Les cadres de lecture ouverts (ORF) des gènes SlBES1 ont été amplifiés et ligaturés dans le plasmide pGBKT7-GAL4BD. Les constructions de fusion GAL4BD-SlBES1 ont été transformées dans des cellules de levure Y2H Gold.−Des plaques de milieu Trp ont été utilisées pour cultiver les transformants de levure.Le αL'activité -galactosidase des transformants a été identifiée par X-α-gal et l'expression de AUR1-C ont été examinées par l'auréobasidine A^[3].

3. Concentrations minimales inhibitrices d'auréobasidine pour diverses levures

4. Procédures opérationnelles (pour le système de transformation de levure résistante à AbA)

1) Ajouter 0,5 mL de culture de levure de nuit à 50 mL de milieu YPD (composition : 1 L de milieu liquide contient 10 g d'extrait de levure, 20 g de polypeptone, 20 g de D-glucose ; pour le milieu solide, ajouter 2 % d'agar supplémentaire).

2) Incuber à 30°C pendant environ 6 heures, jusqu'à ce que l'OD660 soit de 1 à 2. Lorsque vous utilisez des diploïdes, mesurez l'OD660 à 2-4.

3) Centrifugeuse à 1 000×g pendant 5 minutes.

4) Remettre le culot en suspension dans 10 mL de solution A (composition : 100 mM d'acétate de lithium, 10 mM de Tris-HCl pH 7,5, 1 mM d'EDTA), puis centrifuger à 1 000×g pendant 5 minutes.

5) Esuspendre le culot dans la solution A jusqu'à ce que la DO660 soit de 150.

6) Aliquoter 100 µL de la suspension cellulaire dans un tube et incuber à 30°C pendant 1 heure.

7) Ajoutez 5 µg du vecteur (ADN circulaire ou linéaire) et 150 µg d'ADN porteur (qui a été chauffé à 100°C pendant 10 minutes puis refroidi rapidement).

Remarque : pAUR101 nécessite un ADN linéaire pour la transformation. L'utilisation d'ADN circulaire réduira l'efficacité de la transformation ou pourrait même échouer. pAUR112 et pAUR123 nécessitent un ADN plasmidique complet pour la transformation.

8) Ajouter 850 µL de Solution B (composition : dissoudre 40 g de Polyéthylène Glycol 4000 dans 100 mL de Solution A et bien mélanger, préparer fraîche avant utilisation), et mélanger doucement.

9) Incuber à 30°C pendant 30 minutes, puis à 42°C pendant 15 minutes.

10) Placer à température ambiante pendant 10 minutes.

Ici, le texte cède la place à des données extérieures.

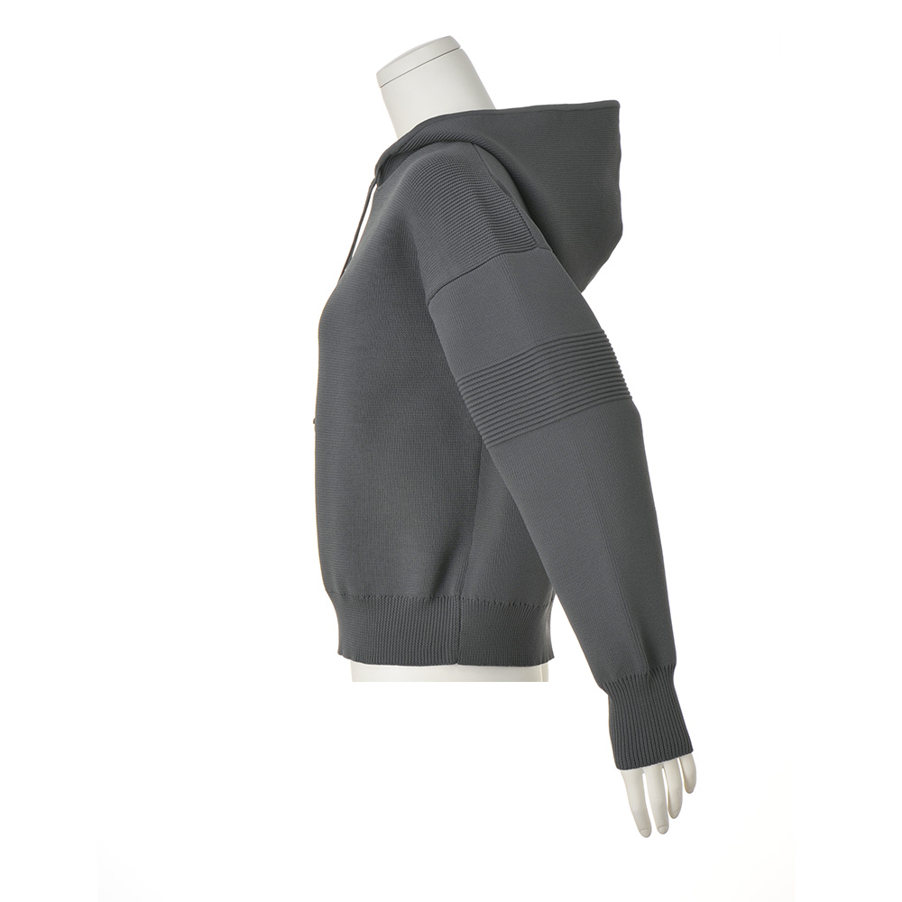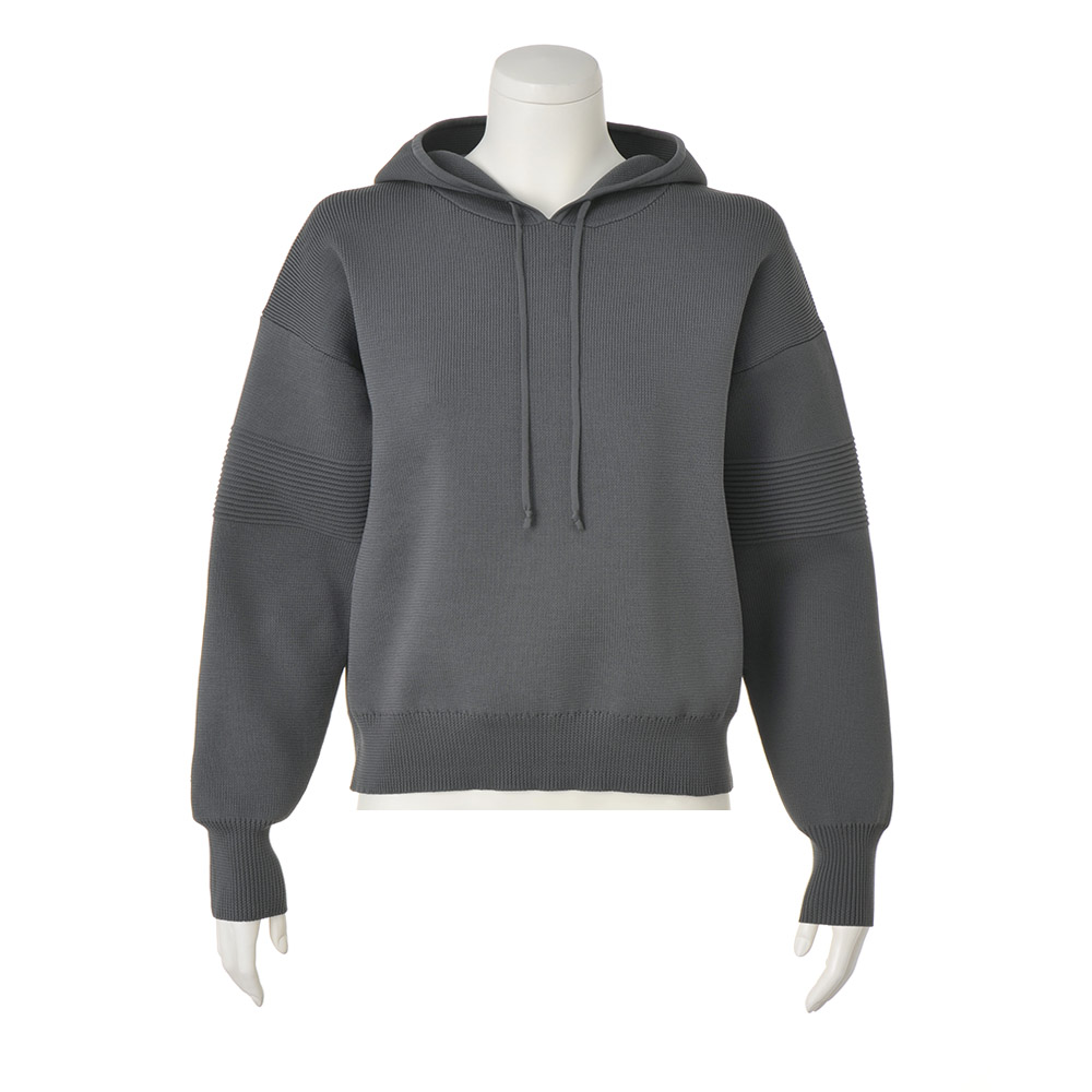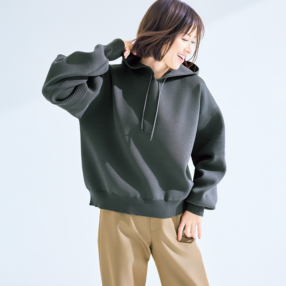 MINIMAL CHIC私らしさが輝く洗練ベーシックシンプルだから際立つ研ぎ澄まされた洗練とセンスが光る拘りで、着ればたちまちお洒落な印象に!フォルムだけじゃない、着心地だって快適。魅力あふれるフォルミックニットのパーカは、ポリエステル糸を4本取りにしてしっかりと編み上げた総針編み。適度にハリ感があるのでふっくら印象的な形を表現でき、しかも意外なほど軽い着心地。サラリとした肌触りも快適です。二の腕辺りにはタック編みで表現したボーダー切り替えが、フード周りには同素材のコードがあしらわれているのもさりげないアクセント。分量感のあるフォルムと短め丈の旬バランスが、カジュアルスタイルをアップデートしてくれます。≫ POINT身体のラインを拾わないしっかりとした編み地は軽く、ドライタッチ、イージーケアにも大満足。
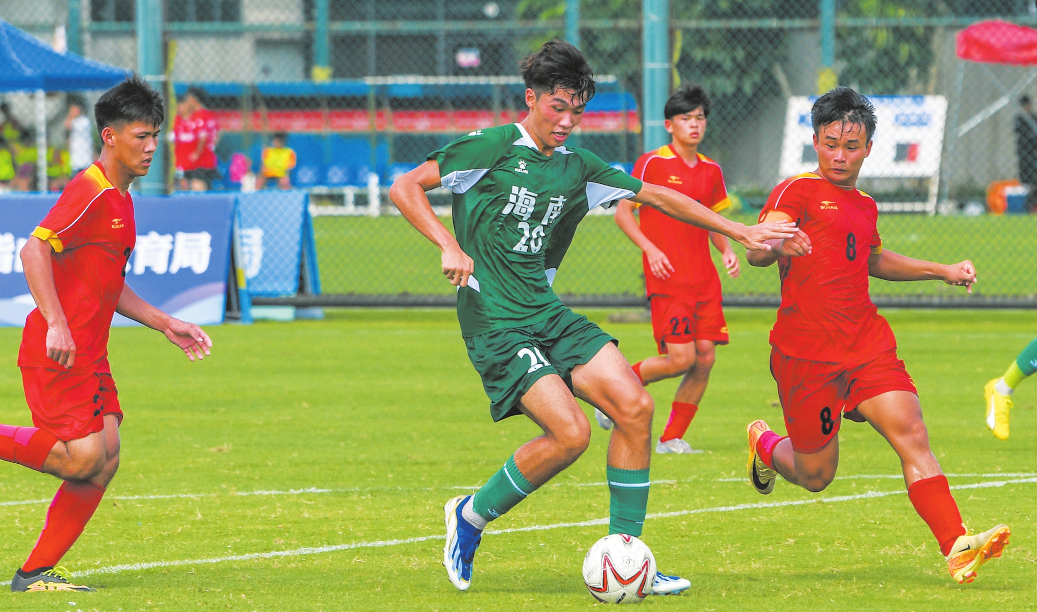 7月16日,2025年海南省中学生足球赛暨高中男子校园足球联赛在海口市中国足球(南方)训练基地开踢。来自海口、三亚、儋州、琼中、万宁、琼海、文昌、保亭、昌江等9个市县的14支精英球队、270名中学生参加激烈角逐。
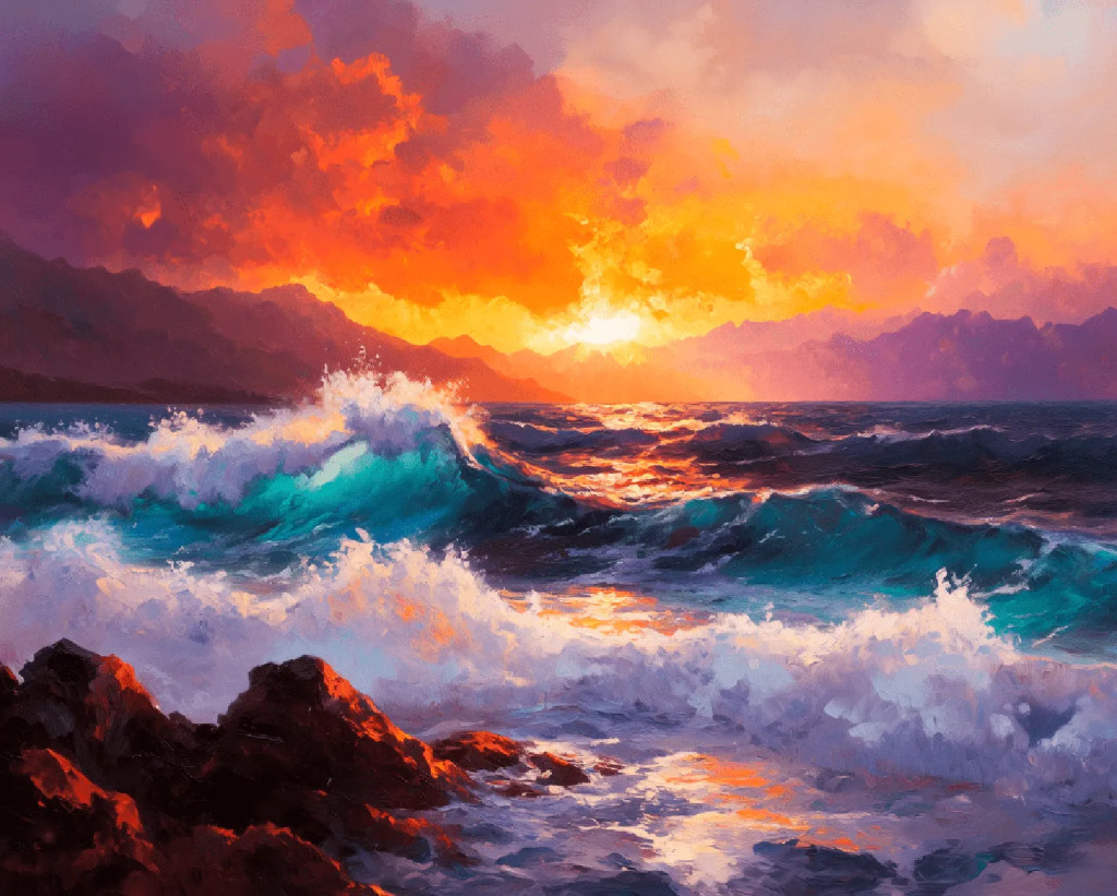 Hullámzó tenger - Számfestő készlet kereten 40x50
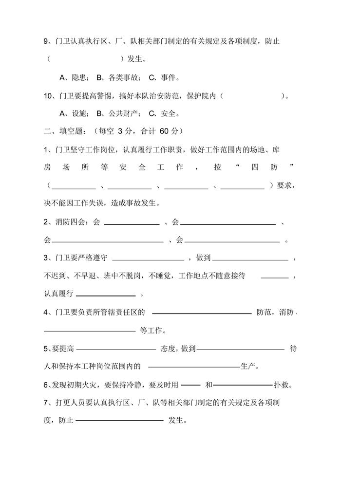 三級(jí)安全教育考試卷-門衛(wèi)(1)docx
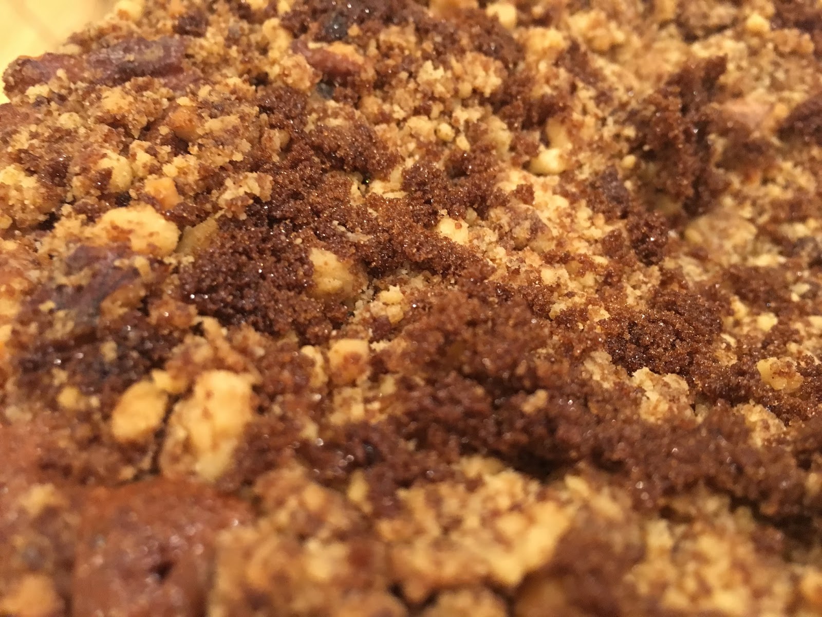 Per prima cosa preparare il crumble (che è la copertura croccante). In una terrina mettere la farina e il burro, mescolare formando un composto sabbioso poi aggiungere lo zucchero e le noci continuando a mescolare.

11) Centrifuger à 5 000 tr/min pendant 1 minute et remettre le culot en suspension dans 5 ml de milieu YPD.

12) Incuber à 30°C pendant 6 heures ou toute la nuit.

13) Centrifuger à 5 000-10 000 tr/min et remettre le culot en suspension dans 1 à 10 ml de NaCl à 0,9 %.

14) Déposer 100 µL de la suspension cellulaire sur des plaques de milieu sélectif YPD (contenant une certaine concentration d'AbA, selon le type de souche).Incuber à 30°C pendant 3 à 4 jours jusqu'à ce que la transformation soit complète.

15) Choisissez des transformants positifs et/ou déterminez l’efficacité de la transformation (exprimée en nombre de colonies transformées par microgramme d’ADN plasmidique).

Documents:

Fiche de données de sécurité

60231_FDS_HB220420_FR.pdf

Manuels

60231_Manuel_HB250116_FR.pdf

Chiffres

Figure 1. Tableau de croissance des plaques de levure

Souche expérimentale:GS115

Quantité d'utilisation : 0,05 μg/mL、0,1 μg/mL、0,5 μg/mL、1 μg/mL

Traitement: 3-5 Jours à 30°C

La rangée supérieure est le produit Yeasen et la rangée inférieure est la marque T*.